Longreads’ Best of WordPress, Vol. 5.

TPR Storytelling is a foreign language teaching methodology that was invented by Blaine Ray of Bakersfield, California. TPR Storytelling (TPRS) teachers tell personalized stories in their foreign language or English as a Second language classrooms as their students act those stories out.

Students comprehend the stories by virtue of the live action visual aids and acquire the target vocabulary because it is repeated dozens of times within the daily story. Sentence structure, vocabulary and grammar are acquired because non-stop comprehensible input is provided by the teacher.

Blaine Ray’s TPR Storytelling is used by thousands of elementary school, middle school, high school, college and adult education English as a Second Language, English as a Foreign Language and Foreign Language teachers nationally and internationally. The long-term memory strategies, constant comprehensible input and intense personalization of this methodology are based on the pedagogy of Dr. James Asher (TPR) and Dr. Stephen Krashen (The Natural Approach). TPR Storytelling is similar to Classical TPR, except that the 3 Steps of TPRS® allow students to acquire the narrative and descriptive, rather than the imperative, modes of speech. The goal of TPRS® is to make students fluent and proficient in a second language through ample exposure to interesting, comprehensible input. TPRS® teachers direct their efforts toward their students, rather than the textbook, the grammar or the curriculum. We teach kids. As a result, we have students who are excited about foreign languages, eager to stay in our classes all the way through school…. and who are bilingual.

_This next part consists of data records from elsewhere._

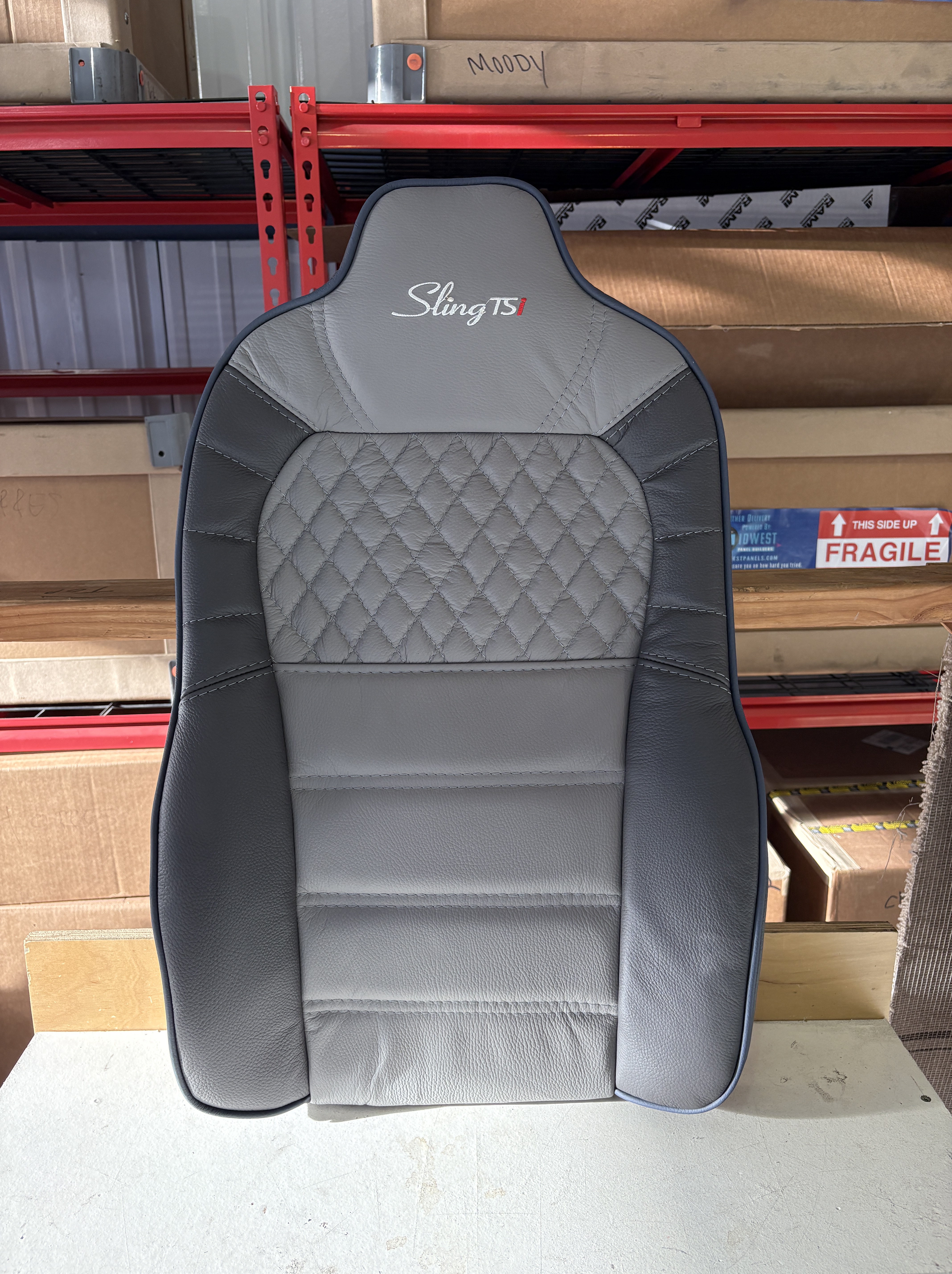 The seat upholstery was also in place. Grey with blue stitching — subtle, cohesive with the exterior scheme, and restrained in the same spirit as the paint design. Nothing loud. Just intentional choices coming together.
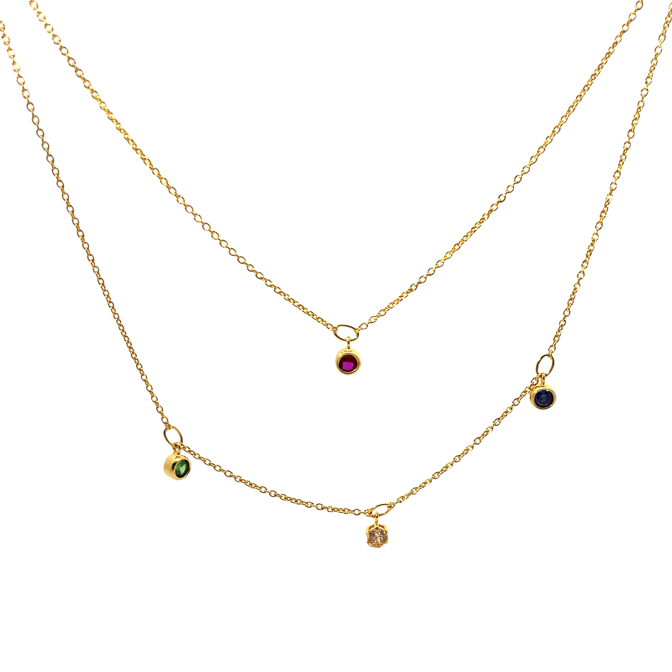 925 Silber vergoldete mehrreihige Halskette mit bunten Steinen für Damen und Teenager
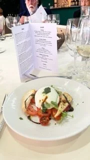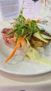 The lunch itself started with a spectacular and very summery dish of burrata with heritage and dried cherry tomato and gremolata. The quality was very high even if the quantity proved a bit too much for some. The challenge, of course, was finding a wine which worked with the dish as tomato and wine are a notoriously difficult partnership. However, it was generally agreed that the Chateau Marjosse 2021 worked well, especially with the burrata, and was a most enjoyable wine to drink with and without food.
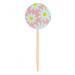 Descrição: Topo de doces e salgados redondo rosa com estampa de margaaridas. Já vem montado! Deixe sua festa ainda mais linda e divertida! Aproveite e use como decoração na mesa do bolo, fica lindo!
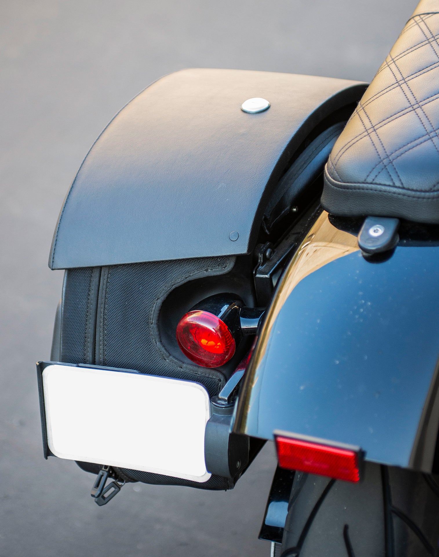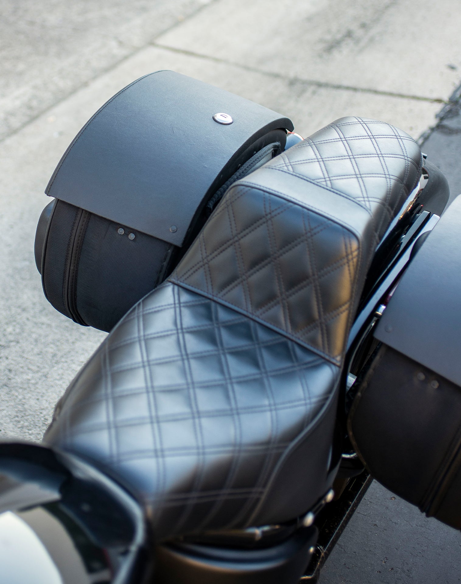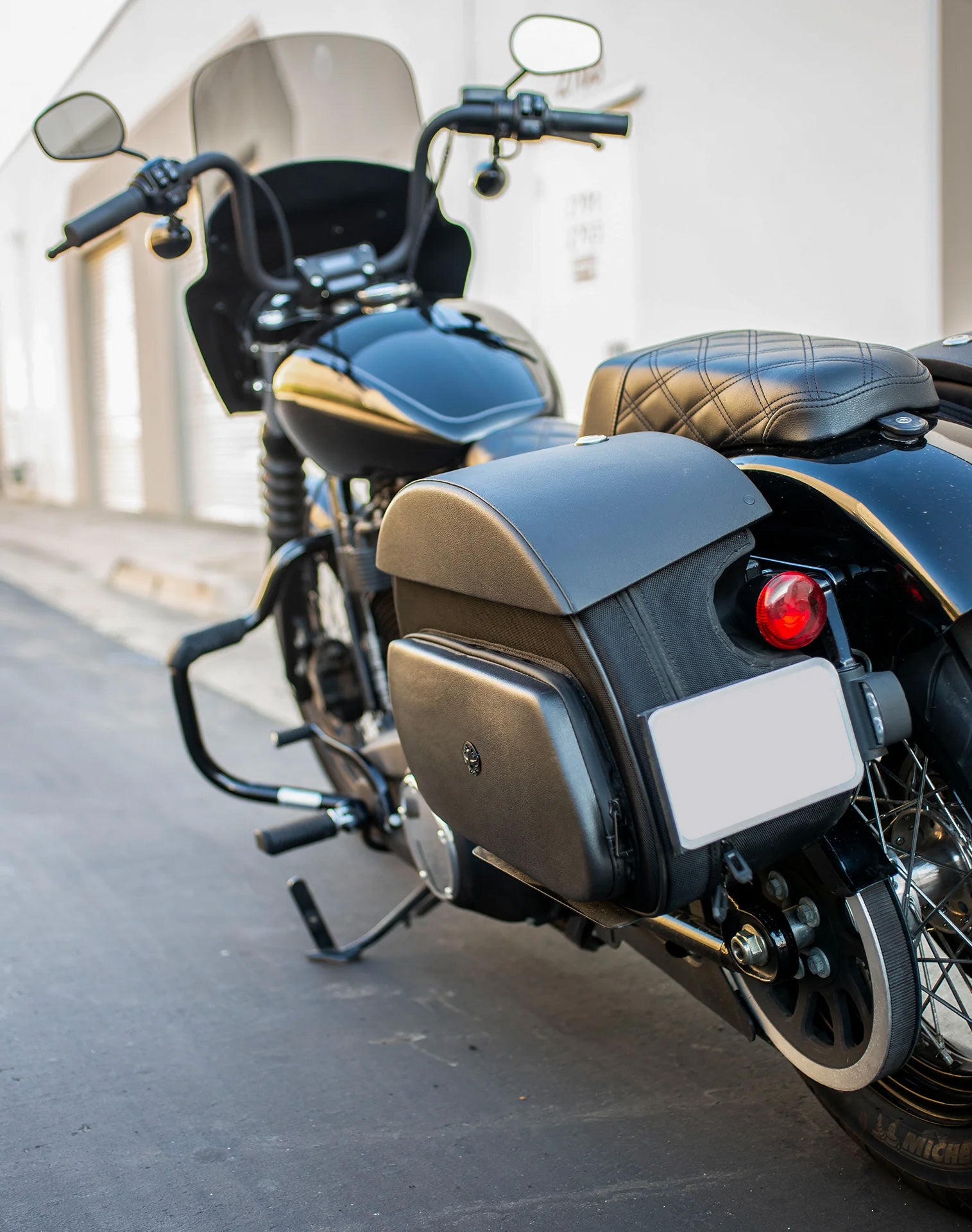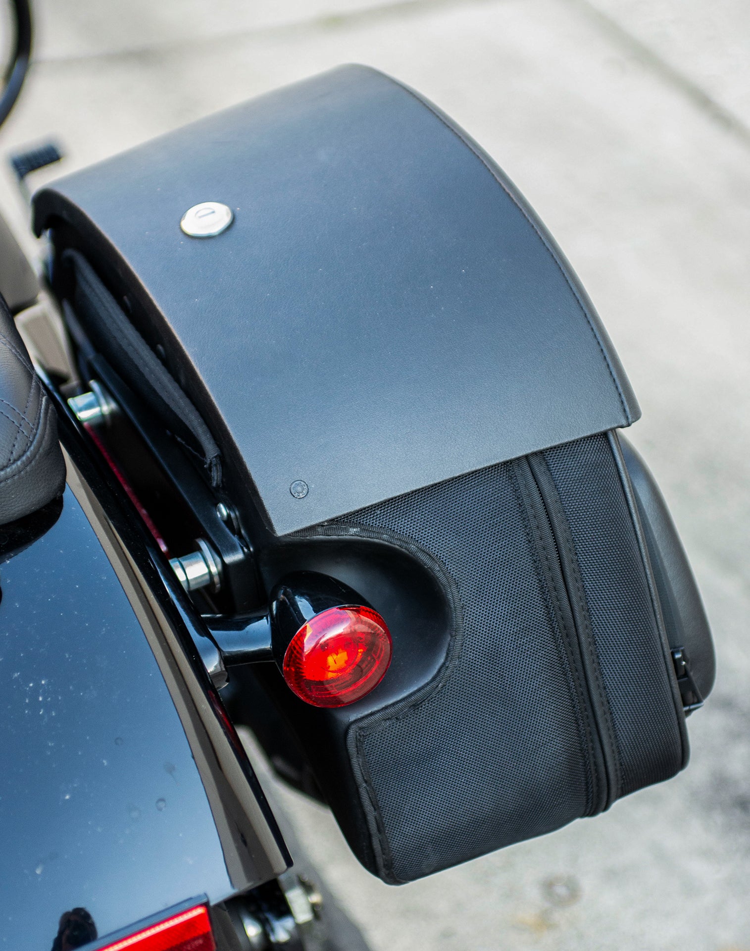 32L - Darkin Large Quick Mount Leather Wrapped Hard Saddlebags for Harley Softail Street Bob FXBB
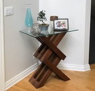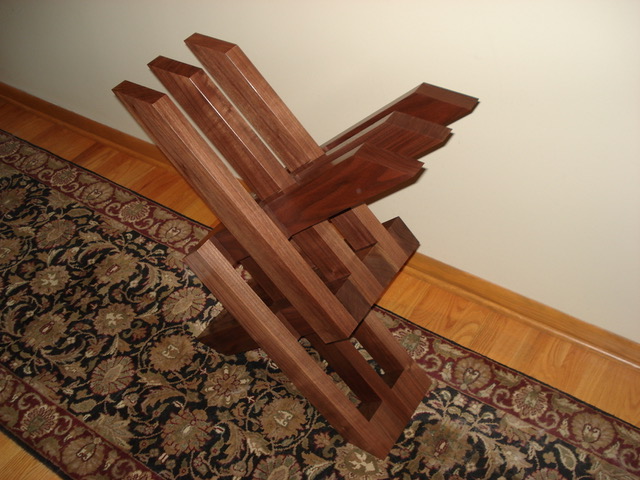 This is the vertical version of the entry table without horizontal or vertical support members. It was requested from one of the interior designers who worked at the architectural/engineering firm where I worked for 40 years, and was constructed using 8/4 walnut. The glass top was provided by the owner.
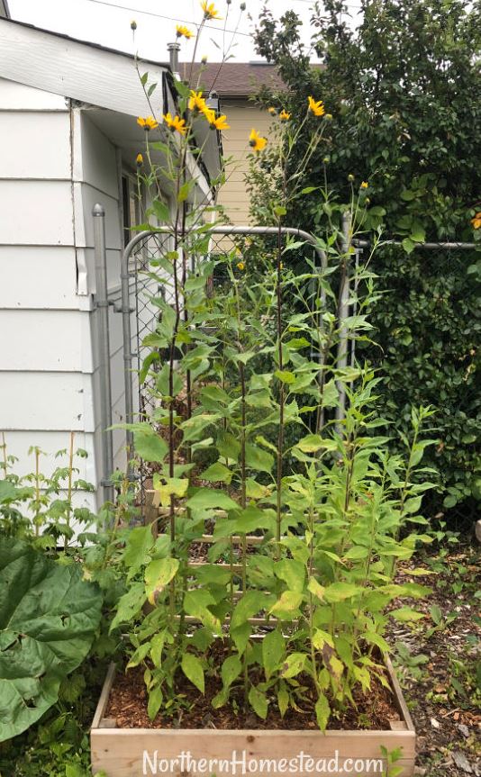 При том, что топинамбуру потребуется поддержка, хорошим решением будет организовать такую усиленную грядку рядом с забором. Таким образом, вы получите еще и защиту от любопытных взглядом плюс красивый ландшафтный дизайн.

TPR Storytelling begins with introducing the vocabulary (step 1). Students then act out the stories as the teacher tells (or, more accurately, “asks”) re-tells and asks questions about a story that uses the vocabulary words (step 2). The oral story is then followed up with reading (step 3). Students rapidly acquire the second language just as Dr. Krashen imagined: effortlessly and involuntarily. The method relies heavily on the five hypotheses of The Natural Approach: the acquisition hypothesis, the input hypothesis, the natural order hypothesis, the affective filter hypothesis and the monitor hypothesis, which are explained in detail in Foreign Language Education The Easy Way, by Dr. Stephen Krashen, as well as lots of comprehensible input through access to books.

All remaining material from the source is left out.